Created on 2013-10-23 14:36 by serhiy.storchaka, last changed 2013-10-23 19:29 by serhiy.storchaka.

re_parse_template.patch serhiy.storchaka, 2013-10-23 14:36
Author: Serhiy Storchaka Date: 2013-10-23 14:36
sre_parse.parse_template uses string concatenation to accumulate characters.

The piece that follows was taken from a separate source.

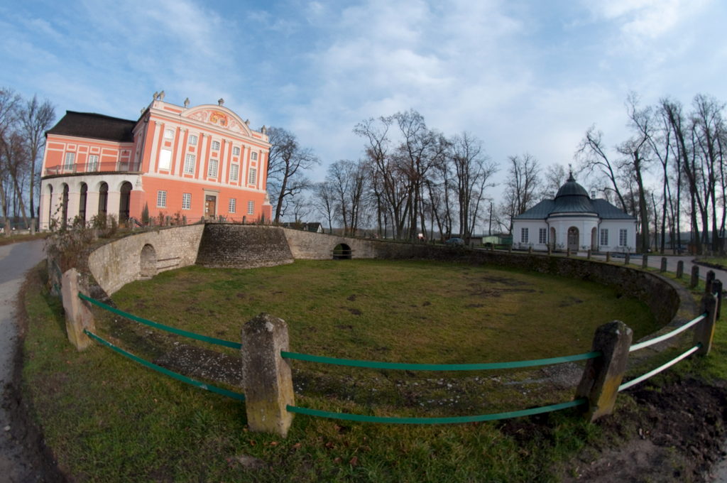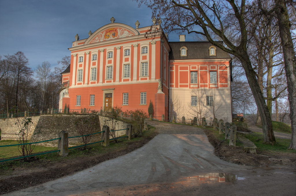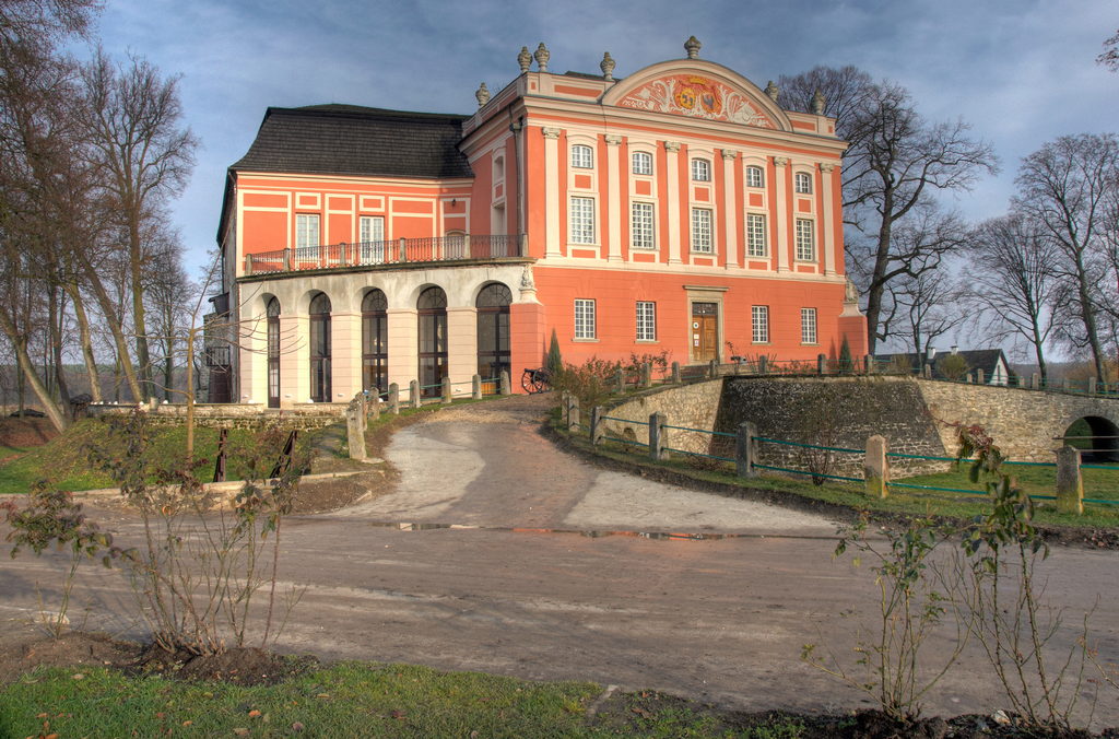 – wczesnoklasycystyczny pałac, dawny zamek z końca XIV wieku, otoczony parkiem, w którym rozpościerają swe korony piękne i rzadko spotykane platany. Przed Pałacem dwa rokokowe pawilony. Obecnie Zespół Pałacowy pełni funkcję ośrodka konferencyjnego z 90 miejscami noclegowymi. Atmosfera minionych epok, jest dopełnieniem tego, co oferuje piękna okolica, którą podziwiać można jeżdżąc powozem lub konno.
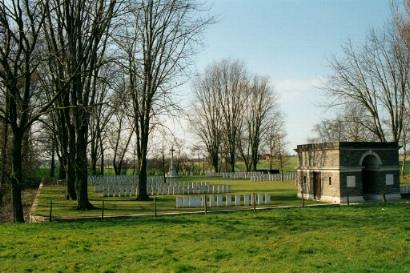 Maple Copse was the name given by the British Army (its use pre-dates the arrival of Canadian troops in 1916) to a small plantation a thousand yards east of Zillebeke, and just west of Sanctuary Wood. The area was used by various Advanced Dressing Stations, and burials took place here both before and after the Battle of Mount Sorrel (June 1916); but in that engagement, and in later fighting, the graves were almost obliterated by shell fire. The site of the Cemetery, on the north side of the Copse, was known and enclosed after the Armistice, but of 256 named graves known to exist there only 26 could be definitely located. The cemetery contains the graves of 142 Canadian soldiers and 114 from the United Kingdom, of which 230 are represented by special memorials (and by 52 unnamed graves). It covers an area of 5,811 square yards. It is enclosed by a moat and a rubble retaining wall, and planted with willows and junipers.

def literal(literal, p=p, pappend=a):
if p and p[-1][0] is LITERAL:
p[-1] = LITERAL, p[-1][1] + literal
else:
pappend((LITERAL, literal))

This operation have quadratic calculation complexity for long replacement strings.

\$ ./python -m timeit -n1 -r1 -s "from sre_parse import parse_template; repl = 'x'*100000"  "parse_template(repl, '')"
1 loops, best of 1: 3.38 sec per loop
\$ ./python -m timeit -n1 -r1 -s "from sre_parse import parse_template; repl = 'x'*200000"  "parse_template(repl, '')"
1 loops, best of 1: 18.2 sec per loop

The proposed patch change amortized complexity to be linear. It also speeds up parsing shorter strings.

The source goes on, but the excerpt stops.